In other news, the Opera team posted on the Mozilla blog today about PDF.js benchmarking. The conclusion seems to be that PDF.js isn't much slower than native rendering.

rtibbles commented 10 years ago

Apart from running into them briefly at the OER Conference last year, not had much contact. Just had it as one of those things to keep on my radar as we push forward with expanding content types and creation.

rjcorwin commented 10 years ago

For potential use later, in the comments of that Opera post on Hacker News, PDFKit was recommended for scripting the creation of PDFs.

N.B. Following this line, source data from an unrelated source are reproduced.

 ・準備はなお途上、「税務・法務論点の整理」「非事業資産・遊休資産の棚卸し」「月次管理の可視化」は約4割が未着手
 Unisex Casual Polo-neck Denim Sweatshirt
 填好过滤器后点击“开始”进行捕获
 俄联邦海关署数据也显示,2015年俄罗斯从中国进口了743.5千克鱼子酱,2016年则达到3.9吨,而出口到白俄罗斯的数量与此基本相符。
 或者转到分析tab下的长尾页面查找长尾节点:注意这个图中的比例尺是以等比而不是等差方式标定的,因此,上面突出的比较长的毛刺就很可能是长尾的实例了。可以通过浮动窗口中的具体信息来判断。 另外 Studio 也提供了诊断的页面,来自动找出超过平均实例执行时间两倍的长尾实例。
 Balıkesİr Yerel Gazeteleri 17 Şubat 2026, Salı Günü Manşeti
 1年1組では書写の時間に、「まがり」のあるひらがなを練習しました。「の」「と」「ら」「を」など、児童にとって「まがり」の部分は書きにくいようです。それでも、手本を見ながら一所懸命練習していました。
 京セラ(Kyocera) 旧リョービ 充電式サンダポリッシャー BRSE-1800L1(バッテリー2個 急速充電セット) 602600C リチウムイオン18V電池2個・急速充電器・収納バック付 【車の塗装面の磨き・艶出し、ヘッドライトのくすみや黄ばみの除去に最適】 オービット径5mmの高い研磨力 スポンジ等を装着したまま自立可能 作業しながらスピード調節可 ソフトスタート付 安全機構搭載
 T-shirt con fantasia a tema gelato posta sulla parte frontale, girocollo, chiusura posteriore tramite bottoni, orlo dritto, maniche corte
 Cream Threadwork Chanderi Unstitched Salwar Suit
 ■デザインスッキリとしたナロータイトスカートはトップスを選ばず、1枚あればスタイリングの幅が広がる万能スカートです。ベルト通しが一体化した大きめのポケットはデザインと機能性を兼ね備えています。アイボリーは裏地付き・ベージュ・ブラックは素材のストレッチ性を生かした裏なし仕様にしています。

rjcorwin commented 10 years ago

Good news on the efforts to optimize PDFs for low powered tablets. My experiments with converting PDFs to images and then back into PDFs has significantly improved the render time for PDFs on the tablets we have the OLE office. For text based PDFs the downsides include lower readability and larger file sizes (about doubled) but for a PDF like the Old French fairy tales mentioned above, the file size stays the same and it looks just as good. The program I used to accomplish these two tasks of rendering as images and then converting back to PDF was the most recent release of Adobe Acrobat. That program is a bit pricey so we'll look into free tools with and eye for automating the process.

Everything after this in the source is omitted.